▶ **WORK TASK**
Using only the entries below, copy exactly the lines that begin at the one with "1일 '제1회 쑥골 놀림픽" and end at the one with "L'ingresso alla prima", both included. Drop the pictures.

▶ **AVAILABLE DATA**

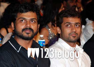 ఇదిలా ఉంటే ఈ టాలీవుడ్ స్టార్స్ కి సపోర్ట్ గా తమిళ చిత్ర పరిశ్రమ హీరోలు కూడా ముందుకు వచ్చి ఈ వేడుకలో పాల్గొననున్నారు. తెలుగు హీరోలతో సమానంగా క్రేజ్ ఉన్న సూర్య, కార్తీలు ఈ వేడుకకి హాజరు కానున్నారు. ఇప్పటికే మన చిత్ర మండలి వారు సూర్య, కార్తీని ఈ వేడుకకి రమ్మని అడగడం, వాళ్ళు తప్పకుండా వస్తాము అని మాటివ్వడమే కాకుండా, పెర్ఫార్మన్స్ చెయ్యడానికి కూడా వారు సముఖత చూపినట్లు సమాచారం. దీన్నిబట్టి ‘వీ లవ్ వైజాగ్’ వేడుకలో అన్నదమ్ములైన సూర్య – కార్తిల లైవ్ పెర్ఫార్మన్స్ చూడవచ్చు.
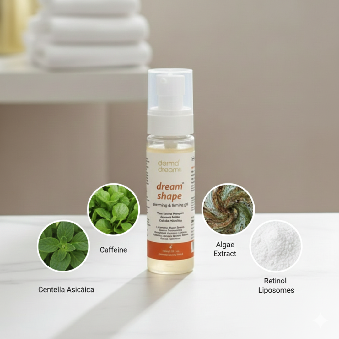 Dream™ Shape Slimming & Firming Gel is a powerful targeted formula designed to visibly reduce the appearance of cellulite, improve skin elasticity, and sculpt a smoother, firmer, more contoured body. Enriched with L-Carnitine, Caffeine, Retinol Liposomes, Vitamin E, and Centella Asiatica Extract, this gel supports fat-burning activity, boosts microcirculation, and hydrates deeply for soft, toned, silky-smooth skin.
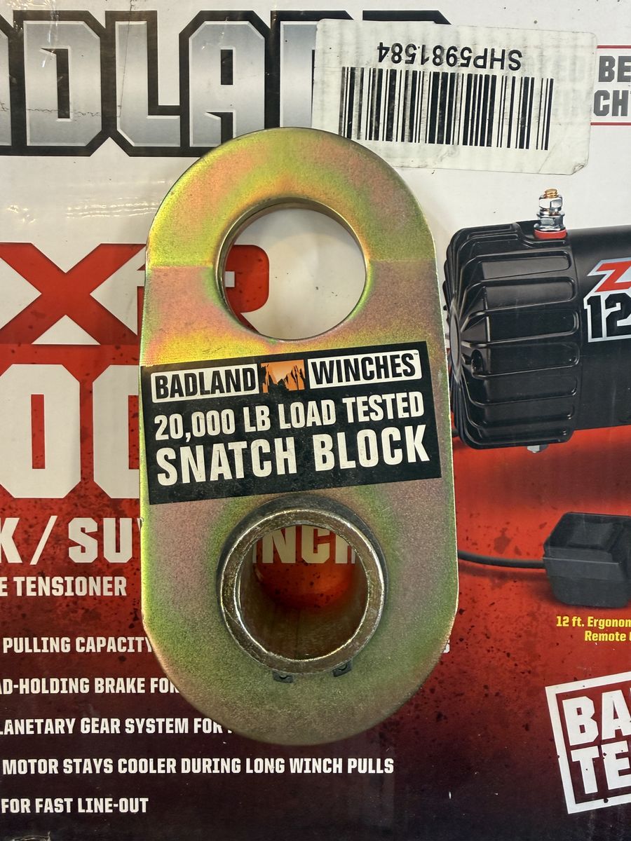VenmoBADLAND ZXR 12,000 lb. Truck/SUV Winch with Wire Rope. Bought this to put on my truck and never got around to it. I’m selling my truck now and don’t have any use for this anymore. I opened the box, but never even took anything out of the plastic. Everything is still brand new never used. I’m even including a 20,000lb snatch block I bought with it, also brand new. Sells for $350 plus tax and without snatch block at HFT.
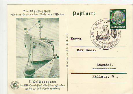 63689 [m65466] |  | Privat-Ganzsache KDF Robert Ley Stempel Hamburg 1939 | 11.00EUR 8.25EUR | In den Warenkorb |
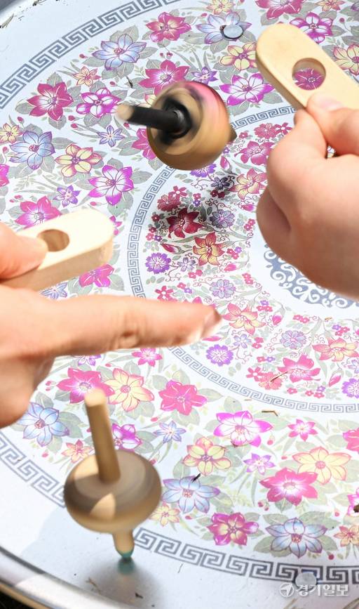 1일 '제1회 쑥골 놀림픽 - 노는동네' 행사장인 인천 미추홀구 화동근린공원에서 아이들이 즐거운 모습으로 팽이 돌리기를 하고 있다.
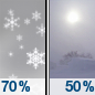 Temperature: 33°F Wind Speed: 17 to 22 mph Wind Direction: NW Forecast: Snow likely before 1pm, then a chance of snow and patchy blowing snow. Cloudy. High near 33, with temperatures falling to around 30 in the afternoon. Northwest wind 17 to 22 mph, with gusts as high as 32 mph. Chance of precipitation is 70%. New snow accumulation of less than one inch possible. |
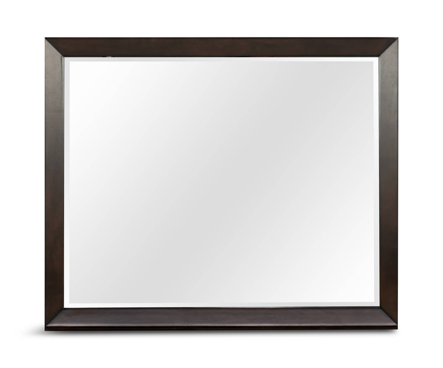 The Marcel Mirror is made to coordinate with the Marcel dresser as a perfect pairing. This mirror is made with rubberwood solid wood with oak or mahogany veneers. The simple picture frame detailing around the mirror adds detail and a modern style. The inset mirror has a slight bevel which creates a finished look as well as a slight sparkle to the mirror. The dark wood finish will also look stunning in your bedroom against your light color walls.
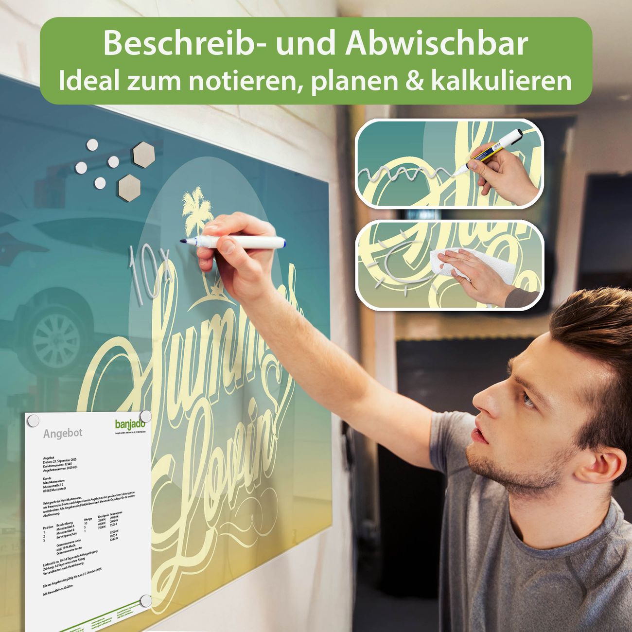 Jede Glas Magnettafel wird in unserer Werkstatt von Hand gefertigt und sorgfältig geprüft. So erhalten Sie ein echtes Qualitätsprodukt, das Funktion und Ästhetik perfekt vereint.?? Warum banjado?
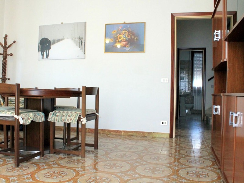 L'ingresso alla prima abitazione avviene nel cucinotto, adiacente a questo ambiente troviamo il soggiorno con zona pranzo e angolo TV. Attraverso una porta finestra è possibile uscire sulla terrazza dalla casa. Dal disimpegno si accede alla prima camera matrimoniale posta a piano terra e al primo bagno con vasca.
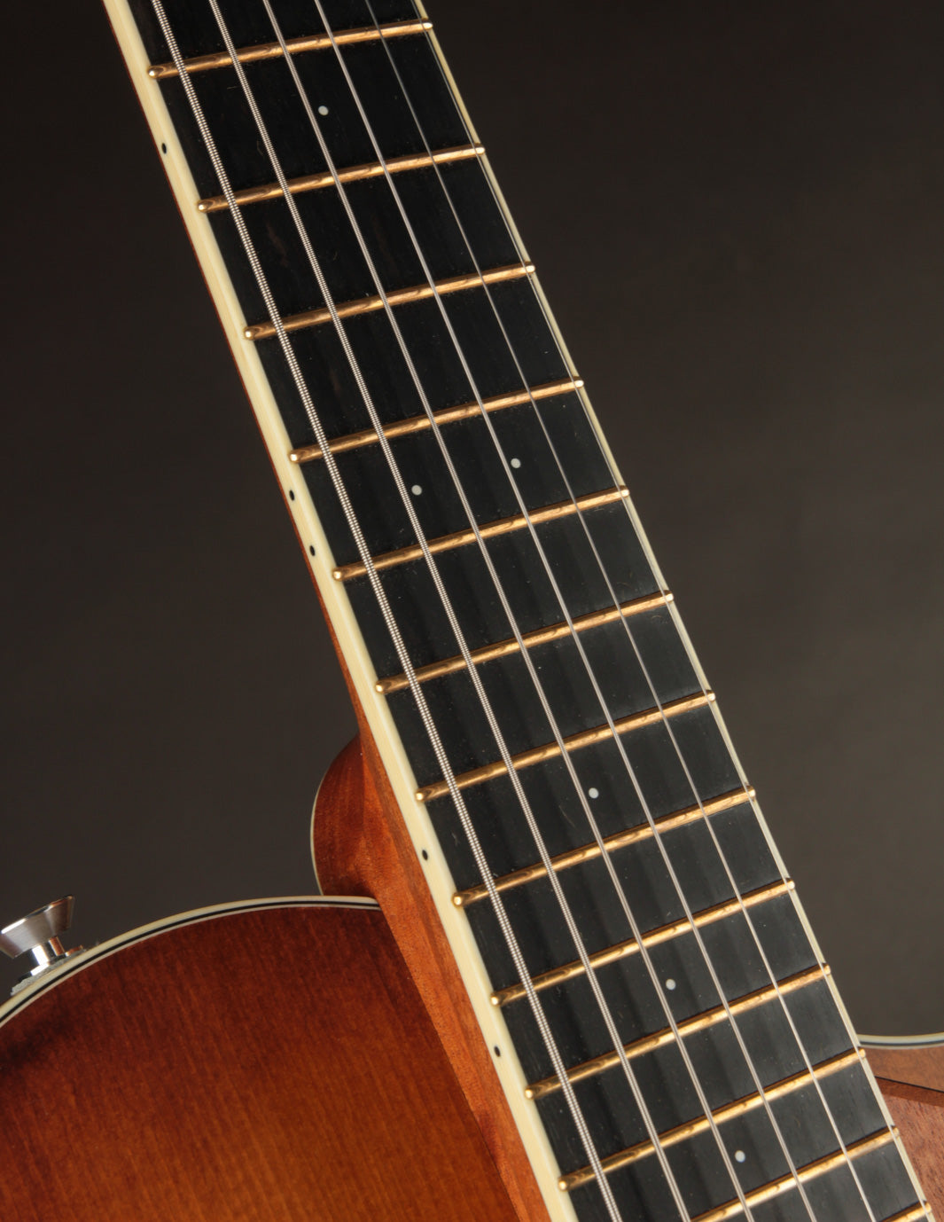 A years-long collaborative effort with classical builder Mathieu Dallaire Walker produced an electric archtop that is radical and elegant with a touch of "old world" influence. Here's what Nic has to say about the guitar's construction:

▶ **TASK OUTPUT**
 1일 '제1회 쑥골 놀림픽 - 노는동네' 행사장인 인천 미추홀구 화동근린공원에서 아이들이 즐거운 모습으로 팽이 돌리기를 하고 있다.
 Temperature: 33°F Wind Speed: 17 to 22 mph Wind Direction: NW Forecast: Snow likely before 1pm, then a chance of snow and patchy blowing snow. Cloudy. High near 33, with temperatures falling to around 30 in the afternoon. Northwest wind 17 to 22 mph, with gusts as high as 32 mph. Chance of precipitation is 70%. New snow accumulation of less than one inch possible. |
 The Marcel Mirror is made to coordinate with the Marcel dresser as a perfect pairing. This mirror is made with rubberwood solid wood with oak or mahogany veneers. The simple picture frame detailing around the mirror adds detail and a modern style. The inset mirror has a slight bevel which creates a finished look as well as a slight sparkle to the mirror. The dark wood finish will also look stunning in your bedroom against your light color walls.
 Jede Glas Magnettafel wird in unserer Werkstatt von Hand gefertigt und sorgfältig geprüft. So erhalten Sie ein echtes Qualitätsprodukt, das Funktion und Ästhetik perfekt vereint.?? Warum banjado?
 L'ingresso alla prima abitazione avviene nel cucinotto, adiacente a questo ambiente troviamo il soggiorno con zona pranzo e angolo TV. Attraverso una porta finestra è possibile uscire sulla terrazza dalla casa. Dal disimpegno si accede alla prima camera matrimoniale posta a piano terra e al primo bagno con vasca.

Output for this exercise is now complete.